Joshua Sanford Field was a public use airport located one nautical mile (2 km) northeast of the central business district of Hillsboro, a city in Vernon County, Wisconsin, United States. It was owned by the City of Hillsboro. The airport closed sometime in the fall of 2016, due to it being unsafe to operate from due to the nearby Land O'Lakes butter plant being expanded right off the runway threshold. The airport was no longer listed in the November 10, 2016 publication of the FAA Airport/Facility Directory.

Although many U.S. airports use the same three-letter location identifier for the FAA and IATA, this facility was assigned HBW by the FAA but had no designation from the IATA.

== Facilities and aircraft ==
Joshua Sanford Field covers an area of 16 acres (6 ha) at an elevation of 938 feet (286 m) above mean sea level. It has one runway designated 5/23 with an asphalt surface measuring 3,070 by 46 feet (936 x 14 m).

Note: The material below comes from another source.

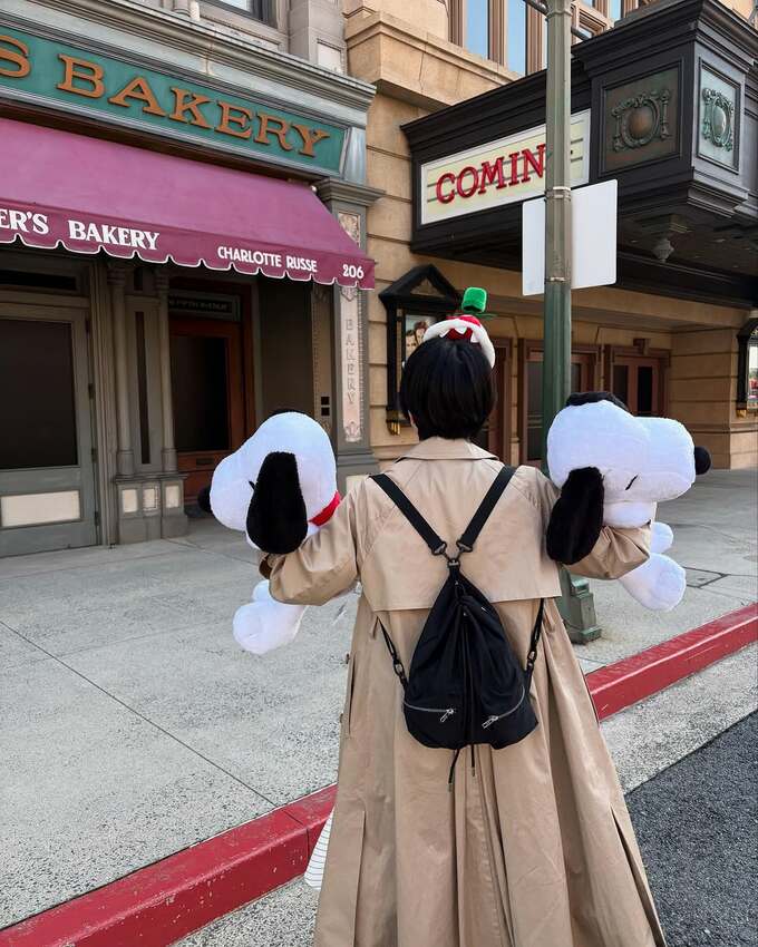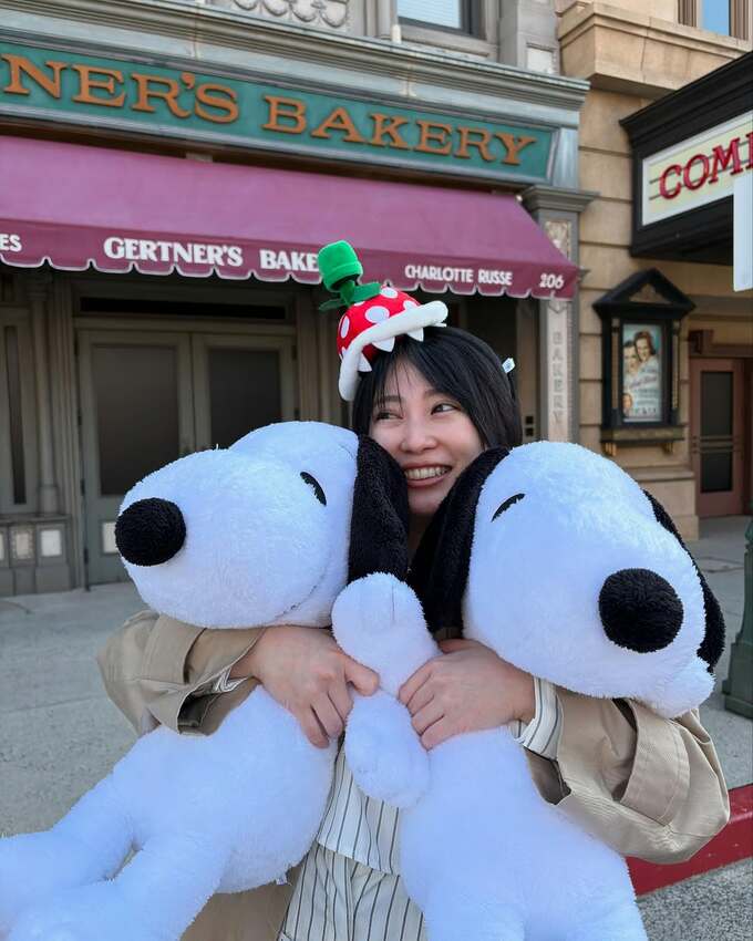 志田さんは、スーパーマリオ・ブラザーズのパックンフラワーの帽子をかぶり、両腕に大きなスヌーピーを1頭ずつ2頭抱きしめて満面の笑顔。背景のベーカリーの看板から、志田さんが大阪のUSJに訪れた時に撮られた写真だと思われます。

For the 12-month period ending June 9, 2015, the airport had 1,405 aircraft operations, an average of 117 per month: roughly 99% general aviation and >1% military. In September 2016, there were 7 aircraft based at this airport: All 7 single engine.

==Closing of the airport==
The airport was closed because of the expansion of the Land O'Lakes butter plant, which is next to the airport. There were talks about transforming it into private members only airport. The airport would then shorten the runway to accommodate for the nearby obstacles. This plan failed when the FAA refused to allow the runway to be shortened.